_TASK TO CARRY OUT_: Go through the lines below and repeat each one exactly, skipping pictures.

_DATA SECTION_:
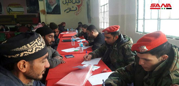 Deir Ezzor, 13 dic (SANA) El centro de reconciliación abierto el día 7 de este mes en la ciudad de Albukamal en el este de la provincia de Deir Ezzor, sigue recibiendo a cientos de personas prófugos y fugitivas del servicio militar que desean entregarse voluntariamente para que sean indultados.
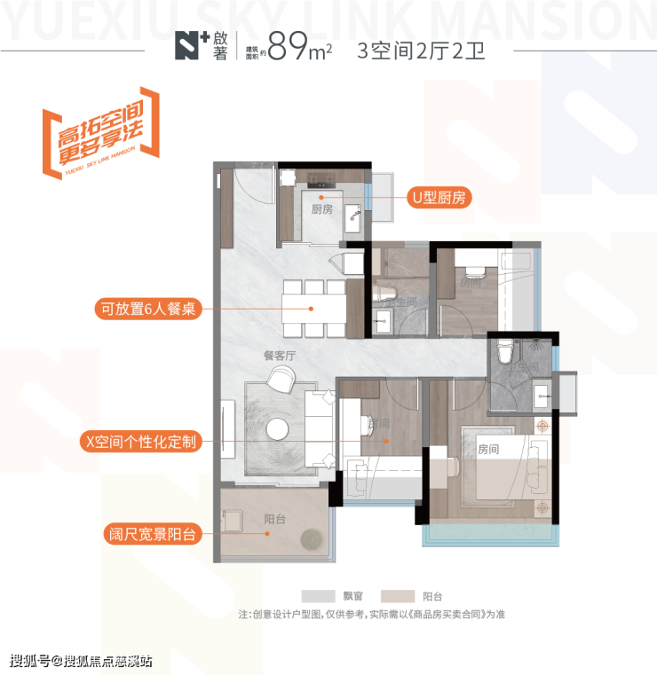 建面约89-169㎡跃级三至四房,跨界共融共生的多元融合。户型均有LDKB互通,保证舒适通风采光及与家人交流互动空间。采用20%阳台建设比例项目,做到2-2.4m的加宽阳台,约800mm进深新规飘窗,相当于增加0.7-0.9㎡使用空间。
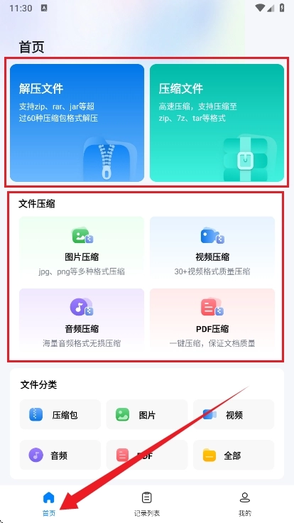 3、进入到软件首页,这里我们可以看到各种功能。如解压文件、压缩文件等功能。

_ANSWER TO THE PROBLEM_:
 Deir Ezzor, 13 dic (SANA) El centro de reconciliación abierto el día 7 de este mes en la ciudad de Albukamal en el este de la provincia de Deir Ezzor, sigue recibiendo a cientos de personas prófugos y fugitivas del servicio militar que desean entregarse voluntariamente para que sean indultados.
 建面约89-169㎡跃级三至四房,跨界共融共生的多元融合。户型均有LDKB互通,保证舒适通风采光及与家人交流互动空间。采用20%阳台建设比例项目,做到2-2.4m的加宽阳台,约800mm进深新规飘窗,相当于增加0.7-0.9㎡使用空间。
 3、进入到软件首页,这里我们可以看到各种功能。如解压文件、压缩文件等功能。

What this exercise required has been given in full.